Юноша молчал. Какой он еще незрелый, подумала Люсия. Типичный сорванец, подросток. Как часто его еще будут сюда помещать? Семь раз? Десять? Такая уж ее работа: скажи то да это, напиши это да то, отвечай на вопросы. Чем отличается птица от дерева? И что бы она сама на это ответила? То, что птица может поселиться на дереве, а дерево на птице нет?
Она, Люсия, психолог с высшим образованием, незамужняя, двадцати семи лет, с явной примесью татарской крови. Среднего роста, темнолица, бюстгальтер застегивается на целых три пуговицы. Набухшие губы плотно сжаты. Кто-то из коллег мог бы добавить: дерзкая, раздражительная, скрытная. Но все это лишь самозащита, - сказал бы другой, на самом деле очень ранимая. Обжигается едва дотронувшись.
Лукас молчал. Четвертую неделю он в этой лечебнице. Диагноз - хронический алкоголизм. Курам на смех. Наркологическое отделение - не самое плохое место. На дне рождения у друга он избил свою девчонку. Та, правда, на следующий день его уже простила, но этого и не подумал сделать ее отец, подполковник. Так что Лукасу было совсем не вредно передохнуть здесь, на городских задворках.

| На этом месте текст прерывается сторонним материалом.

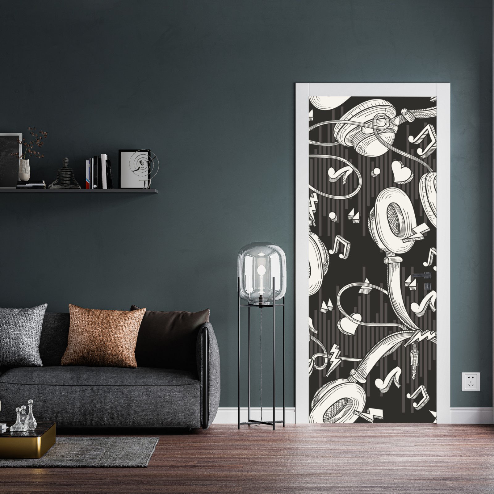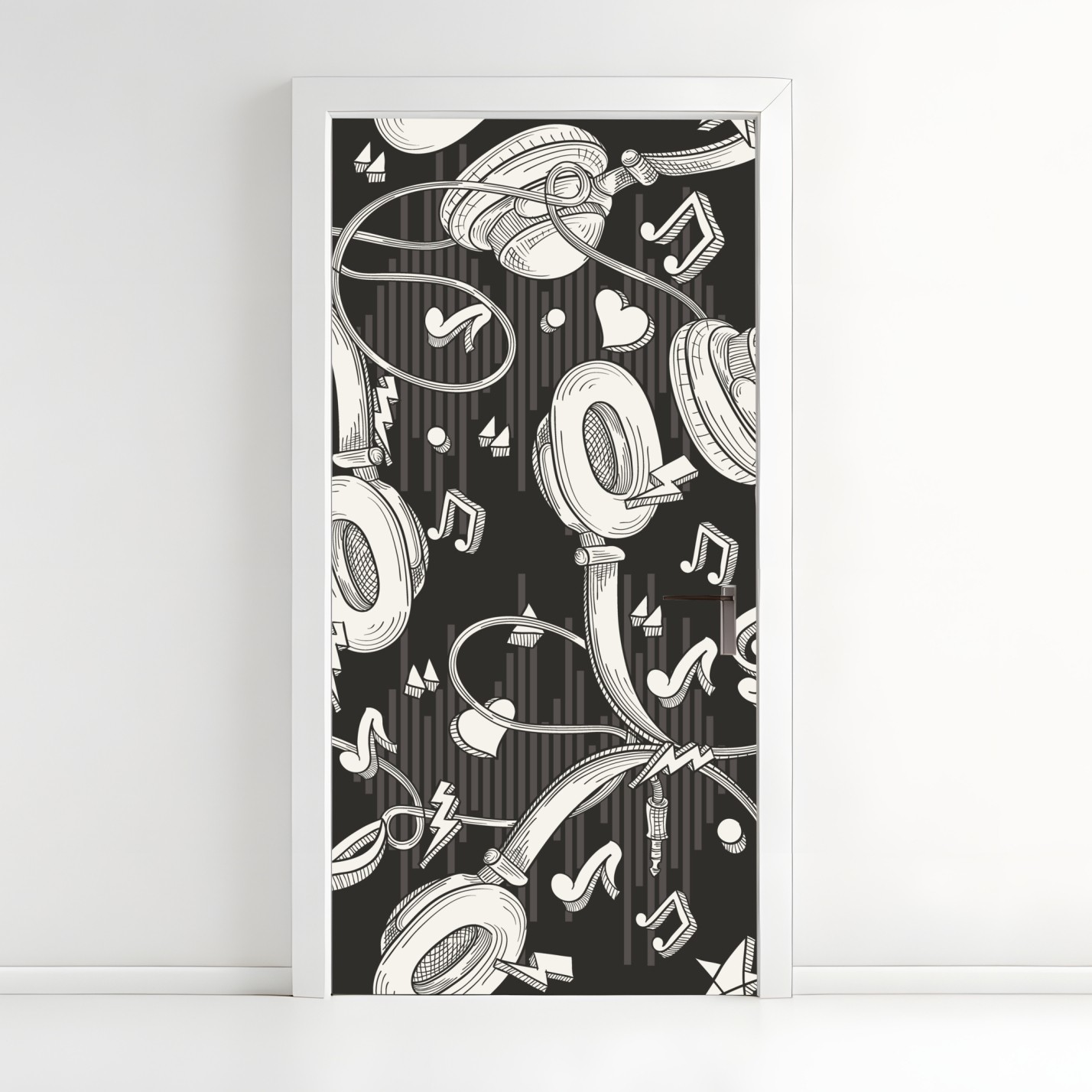 Türaufkleber monochromatisches muster mit kopfhörern und noten

Люсия села в кресло из кожзаменителя. За окном все падали и падали листья. Их все подметал и подметал старик, похожий на приведение. Как в плохом фильме, подумалось ей. Люсия резко тряхнула черными короткими волосами:
- Лукас!
Он удивленно обернулся - чего еще? Знает же, что он не станет писать.
- Лукас, если ты писать не будешь, я запру тебя здесь. Останешься один на всю ночь, без сигарет.
Юноша ухмыльнулся. Собственно, она не дурна, подумал он. Что делало ее старше, так это маленькие складки вокруг губ. И кожа, как у какой-нибудь индийской женщины. Вообще-то, Лукас боготворил блондинок, хотя сам больше походил на цыгана; черные, кудрявые волосы, сильное тело. Только лицо как белый мрамор. Он и Люсия даже были чем-то похожи друг друга. Обычно такие ненавидят друг друга без видимых причин.
- Хорошо. - Люсия говорила подчеркнуто спокойно, по крайней мере, так ей это казалось.
- В таком случае выполним тест.
- Что сделаем?
- Ты увидишь, малыш. Садись. Вот лист бумаги, карандаш. Ты нарисуешь мне... Ты нарисуешь человека, дерево и дом, ясно?
- Девушка, я не умею рисовать...
- Не называй меня девушкой, Лукас. Я для тебя не девушка. А ты? Есть у тебя... девушка?
Лукас демонстративно засунул обе руки под рубашку и стал чесать живот. Ну что можно ответить на такой глупый вопрос.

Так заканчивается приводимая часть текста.